1. The claimant union filed a memorandum of claim together with a notice of motion application on a certificate of urgency on 9th July 2015.  The claimant/applicant obtained interim orders on the even date restraining the respondent from locking out its employees contrary to Section 76 of Labour Relations Act, as read with Clause 26 of the parties Collective Bargaining Agreement (CBA).  The respondent was to let all the employees locked out return to work unconditionally pending the hearing and determination of the application interpartes.

2. The application was later on dispensed with and the parties proceeded on the main suit.  The interim orders were extended until the hearing and determination of the main suit.

Facts of the case

3. The claimant avers in the memorandum of claim that it has a recognition agreement and CBA with the respondent.  That on 29th June 2015, the unionsable employees reported to work but were stopped at the gate and were informed that there was no work for them.  The employees reported to the union office at Athi River and on 30th June 2015, the union wrote to the respondent’s Managing Director informing him that in terms of the Recognition Agreement, the respondent has to pay salaries to the employees who have been unlawfully locked out.  The letter was copied to the Ministry of Labour.

4. The claimant avers that the lock out was contrary to Section 76 of the Labour Relations Act since the respondent had not given the employees seven (7) days notice and there was no consultation with the union in terms of Clause 26 (b) of the CBA prior to the lock out.

5. The claimant prays that, the court orders the respondent to open the company doors to all employees locked out of employment against Labour Relations Act 2007 unconditionally.

Response

6. The respondent filed a reply to the memorandum of claim on 15th July 2015 in which the respondent avers;

i. there was no dispute between the respondent and the claimant to warrant a lock out or declaration of redundancy of its employees;

ii. that the claimant has not in its memorandum of claim disclosed existence of any dispute between the claimant and the respondent or between the respondent and its employees that would have warranted a lock out;

iii. the respondent admits the existence of a Recognition Agreement but denies there is a valid CBA agreement between the parties;

iv. the respondent denies that there was any lock out at all and states that all the employees were at work and attached ‘Appendix JKI’ a bundle of the factory attendance daily work sheet from 8th July 2015 to 11th July 2015;

v . the respondent states that it had issued a notice dated 29th May 2015 to all employees and copied to the Area Secretary of the claimant union to the effect that it had contracted Jokal Handling Services Limited to provide manpower services in the organisation.  That the respondent would only concentrate on its core business.  That all formalities to a successful change will be completed before then.  That there would be no break in between as operations were expected to go on as usual.  The notice is attached and marked ‘App.KK2’.

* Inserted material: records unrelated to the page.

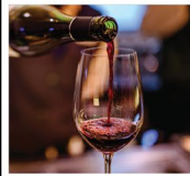
Magnotta Winery Complimentary tour & tastings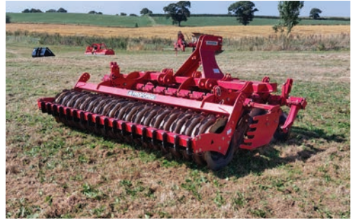
Proforge Inverta short disc harrow cultivator, 3m, 3-point linkage mounted, 22in cut away discs, steel packer, s. no 2961.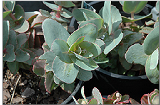
Hab Gray Stonecrop foliage

Hab Gray Stonecrop is recommended for the following landscape applications;

7. The respondent reiterates that the claimant falsely claimed there was a lock out as alleged in the letter written by the claimant dated 10th July 2015.

8. The respondent avers that, contrary to the allegations by the claimant, the claimant through its Area Secretary with a few disgruntled employees and some hooligans forcefully entered the respondent’s factory on 29th June 2015 and switched off the factory machines and the operations stopped.  The group ejected out all the working employees of the respondent and this amounted to an illegal strike, which caused a lot of losses to the respondent.

9. That the said strike was in violation of the Recognition Agreement which mandates the union to issue twenty one (21) days’ notice to call a strike.  The Recognition Agreement is attached.

10. That the claimant now baptizes the illegal strike a lock out in its letter to the Human Resources Manager of the respondent dated 10th July 2015 marked ‘App.4’.

11. The respondent prays that the suit be dismissed for lack of any merit and the interim orders be discharged.

Determination

12. The issues for determination are;

i. whether the respondent locked out employees of the respondent on 29th June 2015 or whether the claimant, vide its area Secretary ejected employees who were working in the factory from the premises, switched off the machines and stopped operations, hence engaged in an unlawful strike.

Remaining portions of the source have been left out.